§ Exercise
Leaving out the pictures, restate each record below word for word.

════════

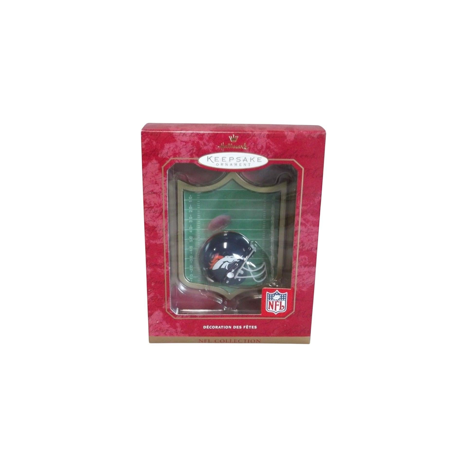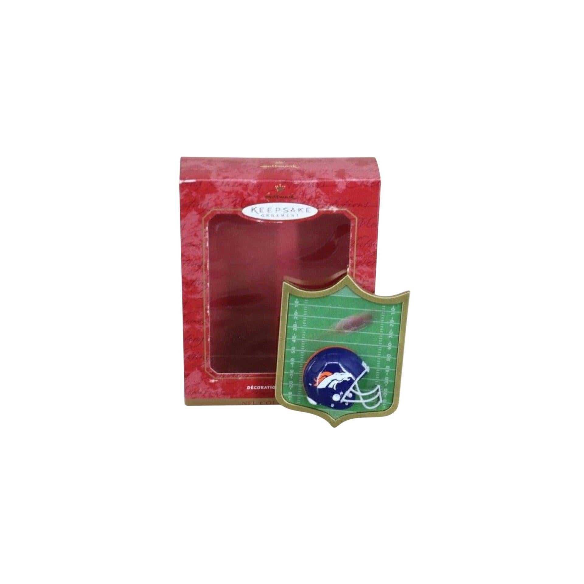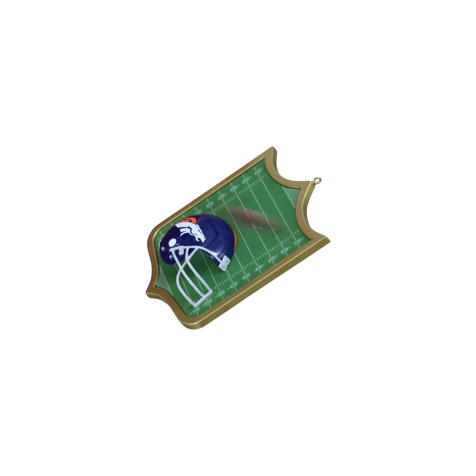 Add a touch of Broncos pride to your tree with this 2001 NFL Collection ornament featuring the Denver Broncos. The design shows a miniature football field scene with the Broncos helmet nestled in the end zone. When tilted, the ornament gives a fun illusion of the football moving across the field.
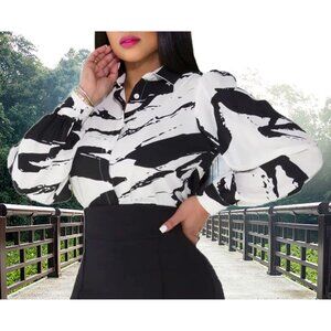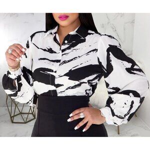 Women White Blouses Button Down Shirts Colorful Long Sleeve Floral Print Tops
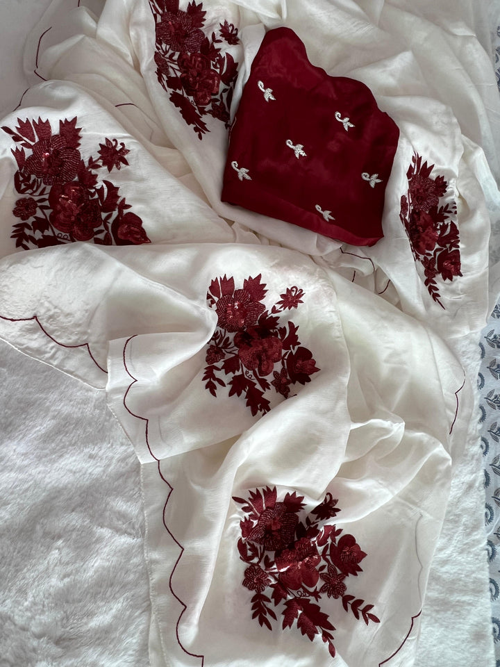 Beautiful Ivory-Coloured Chinnon Chiffon Saree - Red
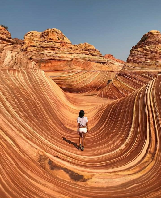 Аризонская волна - единственное в своем роде место на Земле, полностью сформированное из песчаника. Находится она на границе между американскими штатами Аризона и Юта, на плато Колорадо. 190 миллионов лет назад здесь были обычные дюны, но постепенно они превратились в скалы: ветер и дождь завершили работу над ее необычными формами. По виду кажется, что «волна» очень крепкая, однако ходить по ней следует очень осторожно: песчаник крайне хрупок.
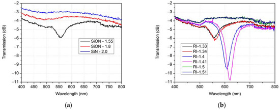 According to the work of Čtyroký et al. [19] for this type of sensor, due to its underlying physical principle the position and attenuation of a dip in a spectrum are highly dependent on both refractive indices of an analyte, as well as the waveguiding core. Therefore, in order to maintain good sensitivity with spectral dip occurring in visible wavelengths, the sensor must consist of a waveguiding core with a refractive index similar to the refractive index of the analyte This hypothesis is verified in Figure 4, where spectral characteristics of transmission through the proposed waveguide sensor are shown. The refractive index of the analyte for this investigation was chosen to represent water-based solutions, e.g., n = 1.33. As a light source, a 50 µm wide beam with a Gaussian profile was chosen to represent direct coupling with multi-mode fibre and to neglect the offset for the possibility of lacking excitation for some modes, due to the fibre position. While transmission spectra of waveguide cores with refractive indices of 2.0 (pure Si3N4) and 1.8 (SiON) do not exhibit any differentiable dip, for the waveguiding core with a refractive index of 1.55 (still well in the range of possibilities of SION material platform [20,21]) the spectrum exhibits strong dip between 500 and 600 nm of wavelength. Such core was used to analyse the influence of the analyte’s index of refraction variation with a significant shift corresponding to the change. Figure 4b shows also the increased sensitivity of a sensor with a refractive index of core 1.55 proving the verity of the rule concerning analyte and core refractive index matching. It points out increased sensitivity for aqueous solutions while showing the prohibition of the use for analytes with RI above 1.5 due to confinement constraints. For these initial simulations, a SiON waveguide with (8 × 8) µm2 profile with a 45 µm thick gold layer was used.
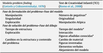 El análisis de los resultados de esta aplicación preliminar del TCI permitió la selección de las variables más significativas y relevantes en la evaluación de la creatividad infantil. De las diez variables incluidas inicialmente en este estudio, la versión final del TCI incluye solo siete. La versión final del test incorpora aquellas variables que mostraron vínculos significativos con la medida externa de creatividad valorada mediante el criterio de jueces. Las tres variables eliminadas fueron: tiempo del modelo (tiempo que el niño empleaba en realizar su modelo inicial), número de pegatinas (utilizadas en la realización del modelo) y figuras añadidas conocidas (número de figuras que aparecen en la hoja de dibujo que no estaban en el modelo pero sí en la lámina de pegatinas). Estas variables, incluidas por su relevancia en el estudio de referencia, fueron eliminadas por su escaso o nulo poder predictivo. En la tabla 1 se muestra la correspondencia entre las variables contempladas en el modelo de problem finding de Getzels y Csikszentmihalyi (1976) y las variables evaluadas por el TCI.
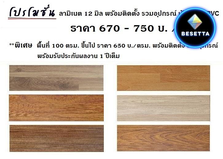- พื้นไม้ลามิเนต ขนาด 12 มิล ราคา 670-750 บ./ตรม. (พร้อมติดตั้ง
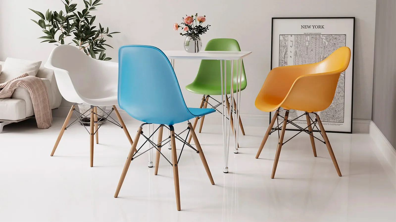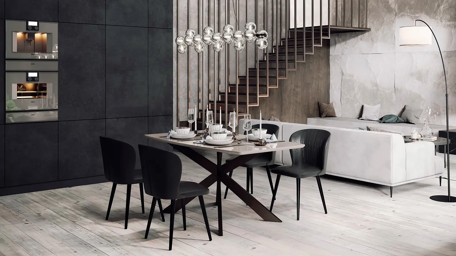 Прежде чем выбирать конкретный материал для мебели в столовую, вам нужно подумать о своем образе жизни. Стекло, как правило, имеет более острые края и само по себе хрупкое, что делает его непригодным для домов с маленькими детьми. Да и вообще стоит признать, что стекло и натуральный мрамор слишком холодные для столешниц. Если в вашем доме обычно прохладно, лучше выбирать МДФ, ДСП или натуральное дерево. Дети обязательно будут оставлять отпечатки пальцев на поверхности стекла, любого глянца и даже черного мата, что может потребовать более частого мытья. Мрамор и необработанное дерево — пористые материалы, которых вам следует избегать, если ваша обеденная зона используется постоянно. В итоге самой популярным вариантом с лучшим соотношением цены, качества и практичности будет мебель на металлическом каркасе, с мягкой обивкой сидений и шпонированной столешницей. Но, конечно же, существует огромное множество других интересных вариантов.
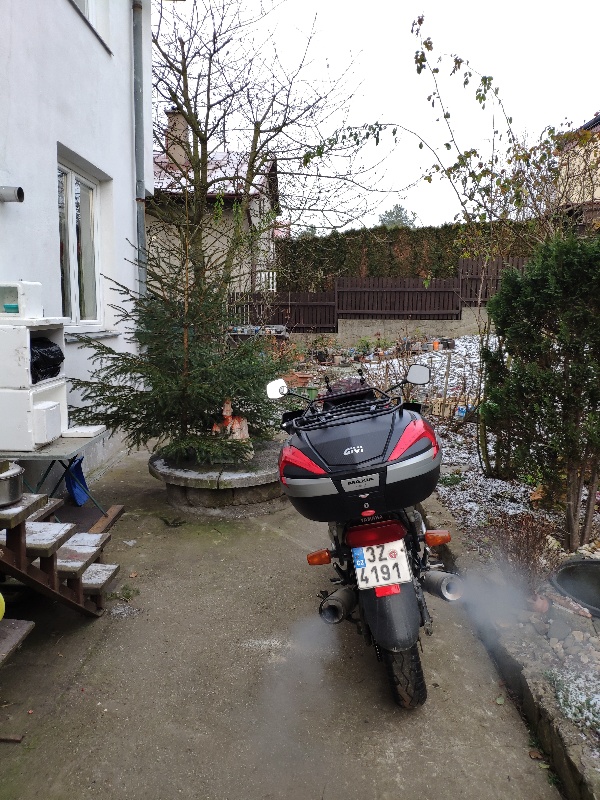 Jinak u nas kazdej den neco malo nasnezi. Takze silnice furt mokry rozsoleny. No, uvidim zitra. Zasolit motorku nechci.
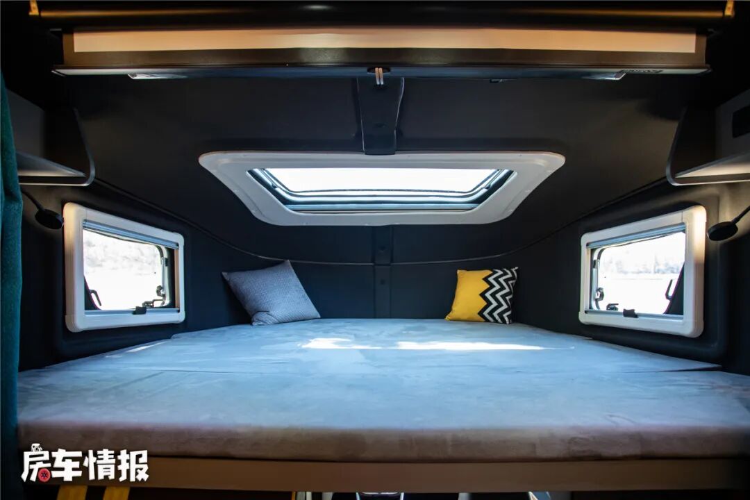 前方额头处依然是一张超大尺寸双人床,长宽分别达到了1976mm和1700mm,再加上相对平直的车顶造型,可以轻松睡下两大一小;

════════

§ Task output
 Add a touch of Broncos pride to your tree with this 2001 NFL Collection ornament featuring the Denver Broncos. The design shows a miniature football field scene with the Broncos helmet nestled in the end zone. When tilted, the ornament gives a fun illusion of the football moving across the field.
 Women White Blouses Button Down Shirts Colorful Long Sleeve Floral Print Tops
 Beautiful Ivory-Coloured Chinnon Chiffon Saree - Red
 Аризонская волна - единственное в своем роде место на Земле, полностью сформированное из песчаника. Находится она на границе между американскими штатами Аризона и Юта, на плато Колорадо. 190 миллионов лет назад здесь были обычные дюны, но постепенно они превратились в скалы: ветер и дождь завершили работу над ее необычными формами. По виду кажется, что «волна» очень крепкая, однако ходить по ней следует очень осторожно: песчаник крайне хрупок.
 According to the work of Čtyroký et al. [19] for this type of sensor, due to its underlying physical principle the position and attenuation of a dip in a spectrum are highly dependent on both refractive indices of an analyte, as well as the waveguiding core. Therefore, in order to maintain good sensitivity with spectral dip occurring in visible wavelengths, the sensor must consist of a waveguiding core with a refractive index similar to the refractive index of the analyte This hypothesis is verified in Figure 4, where spectral characteristics of transmission through the proposed waveguide sensor are shown. The refractive index of the analyte for this investigation was chosen to represent water-based solutions, e.g., n = 1.33. As a light source, a 50 µm wide beam with a Gaussian profile was chosen to represent direct coupling with multi-mode fibre and to neglect the offset for the possibility of lacking excitation for some modes, due to the fibre position. While transmission spectra of waveguide cores with refractive indices of 2.0 (pure Si3N4) and 1.8 (SiON) do not exhibit any differentiable dip, for the waveguiding core with a refractive index of 1.55 (still well in the range of possibilities of SION material platform [20,21]) the spectrum exhibits strong dip between 500 and 600 nm of wavelength. Such core was used to analyse the influence of the analyte’s index of refraction variation with a significant shift corresponding to the change. Figure 4b shows also the increased sensitivity of a sensor with a refractive index of core 1.55 proving the verity of the rule concerning analyte and core refractive index matching. It points out increased sensitivity for aqueous solutions while showing the prohibition of the use for analytes with RI above 1.5 due to confinement constraints. For these initial simulations, a SiON waveguide with (8 × 8) µm2 profile with a 45 µm thick gold layer was used.
 El análisis de los resultados de esta aplicación preliminar del TCI permitió la selección de las variables más significativas y relevantes en la evaluación de la creatividad infantil. De las diez variables incluidas inicialmente en este estudio, la versión final del TCI incluye solo siete. La versión final del test incorpora aquellas variables que mostraron vínculos significativos con la medida externa de creatividad valorada mediante el criterio de jueces. Las tres variables eliminadas fueron: tiempo del modelo (tiempo que el niño empleaba en realizar su modelo inicial), número de pegatinas (utilizadas en la realización del modelo) y figuras añadidas conocidas (número de figuras que aparecen en la hoja de dibujo que no estaban en el modelo pero sí en la lámina de pegatinas). Estas variables, incluidas por su relevancia en el estudio de referencia, fueron eliminadas por su escaso o nulo poder predictivo. En la tabla 1 se muestra la correspondencia entre las variables contempladas en el modelo de problem finding de Getzels y Csikszentmihalyi (1976) y las variables evaluadas por el TCI.
- พื้นไม้ลามิเนต ขนาด 12 มิล ราคา 670-750 บ./ตรม. (พร้อมติดตั้ง
 Прежде чем выбирать конкретный материал для мебели в столовую, вам нужно подумать о своем образе жизни. Стекло, как правило, имеет более острые края и само по себе хрупкое, что делает его непригодным для домов с маленькими детьми. Да и вообще стоит признать, что стекло и натуральный мрамор слишком холодные для столешниц. Если в вашем доме обычно прохладно, лучше выбирать МДФ, ДСП или натуральное дерево. Дети обязательно будут оставлять отпечатки пальцев на поверхности стекла, любого глянца и даже черного мата, что может потребовать более частого мытья. Мрамор и необработанное дерево — пористые материалы, которых вам следует избегать, если ваша обеденная зона используется постоянно. В итоге самой популярным вариантом с лучшим соотношением цены, качества и практичности будет мебель на металлическом каркасе, с мягкой обивкой сидений и шпонированной столешницей. Но, конечно же, существует огромное множество других интересных вариантов.
 Jinak u nas kazdej den neco malo nasnezi. Takze silnice furt mokry rozsoleny. No, uvidim zitra. Zasolit motorku nechci.
 前方额头处依然是一张超大尺寸双人床,长宽分别达到了1976mm和1700mm,再加上相对平直的车顶造型,可以轻松睡下两大一小;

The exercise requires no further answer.